Top game developers working on the PS3 have dismissed the recent claims from web news site, The Inquirer, as “entirely meaningless” and “misleading and uninformed” according to a report on GamesIndustry.biz. The claims of poor triangle performance by the Inquirer, while they may be technically true, are difficult to compare without knowing the types of tests that were run and the environment that they were run against. In the PC world, raw triangle count can only give the barest idea of performance, and according to the developers that GamesIndustry.biz talked to, “the PlayStation 2 had better tri performance than the Xbox, on paper” but “everyone knows that the Xbox was more powerful at running real games.”
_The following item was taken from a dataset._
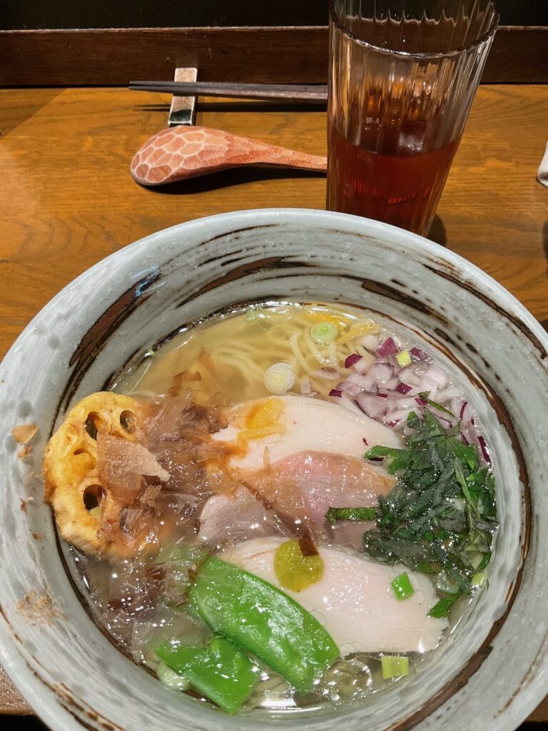A ce stade, il est tard et nous avons l’estomac dans les talons. Nous retournons vers la rue Sainte-Anne où j’ai deux restaurants japonais à tester. La file devant l’Omusubi Gonbei est assez dissuasive. Mais lorsque nous tentons notre chance au Bistro Ryukishin chaudement recommandé par plusieurs amies parisiennes, on nous propose aussitôt deux places au comptoir. J’aurais préféré une table, mais tant pis – ça fera encore plus authentique. Je commande un tchintan yuzu sur la carte de saison, et Isa un païtan sésame. Verdict: leurs fameux ramen sont effectivement fameux.

Tackling the issue of the 16Mb/sec “local memory” figure, again, the developers claimed that the specification was true, but without the true context of what was being talked about. According to the report, every “developer concurred that the slide in question was referring to local memory on the RSX,” meaning that the memory access path from the Cell processor to the local RSX memory is slow. One developer stated, “it’s a total non-issue. You never, ever need to access that memory from the Cell…” Mostly, developers have found that the PS3 “was a challenge to work on… but every new platform takes a while to get used to…early PS2 games…were a real nightmare.”
Unfortunately, the developers quoted did not want to be named, for fear of NDA violations, but the quotes certainly seem to make more sense than the claims that The Inquirer was making. Certainly, there haven’t been developers lining up to bash the Playstation 3, most have been public about the performance of the hardware have been on the positive side of things; probably the most damning statement from any developer has been that the PS3 and the Xbox 360 were roughly the same in performance.